ChartBrief #1 – Global Freight Rates by Topdown Charts

ChartBrief …what’s a ChartBrief? (you might be thinking)  But then again, the name kind of says it all. ChartBrief is a new series or format of posts that will be featuring on Topdown Charts.  It’s a chart and at most 2 paragraphs.  It differs from the usual article here which goes through a series of charts and ties it all together with some sort of theme, outlook, or investment conclusion.  ChartBrief is meant to be an efficient means of getting interesting, thought provoking, and breaking news charts up, but with a bit more commentary and context than you might get on the Twitter feed.

So here’s the first one (and yes they will all be numbered, so we can refer back to them easily)

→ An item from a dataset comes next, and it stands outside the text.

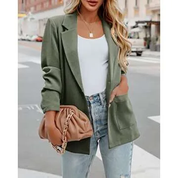 Show moreIntroducing the FERBIA Women's Casual Blazer Jacket, a perfect blend of style and comfort. This stylish blazer features a sophisticated button-down design and an open-front style that effortlessly enhances your work wardrobe. Made from high-quality materials, this army green lapel coat is not only a statement piece but also incredibly versatile. With long sleeves and practical pockets, it is designed to provide you with both functionality and a touch of elegance at the office or on casual outings.

An interesting trend has emerged in two key global freight cost indexes; the well known Baltic Dry Index, and the slightly lesser known China Containerized Freight Index (CCFI). The former tends to deal more in bulk commodities, and the latter has broader coverage and specifically measures freight rates for Chinese exports – a useful thing given China still remains an important global supplier.

Global Freight Rates

After hitting their worst levels earlier this year (February for the Baltic Dry and April for the CCFI) both have begun a gradual recovery process. These indexes provide a proxy for global trade demand, and both are high frequency indicators (daily for the Baltic Dry and weekly for the CCFI), so are worth keeping an eye on. The nascent improving trend is a positive sign for global trade growth.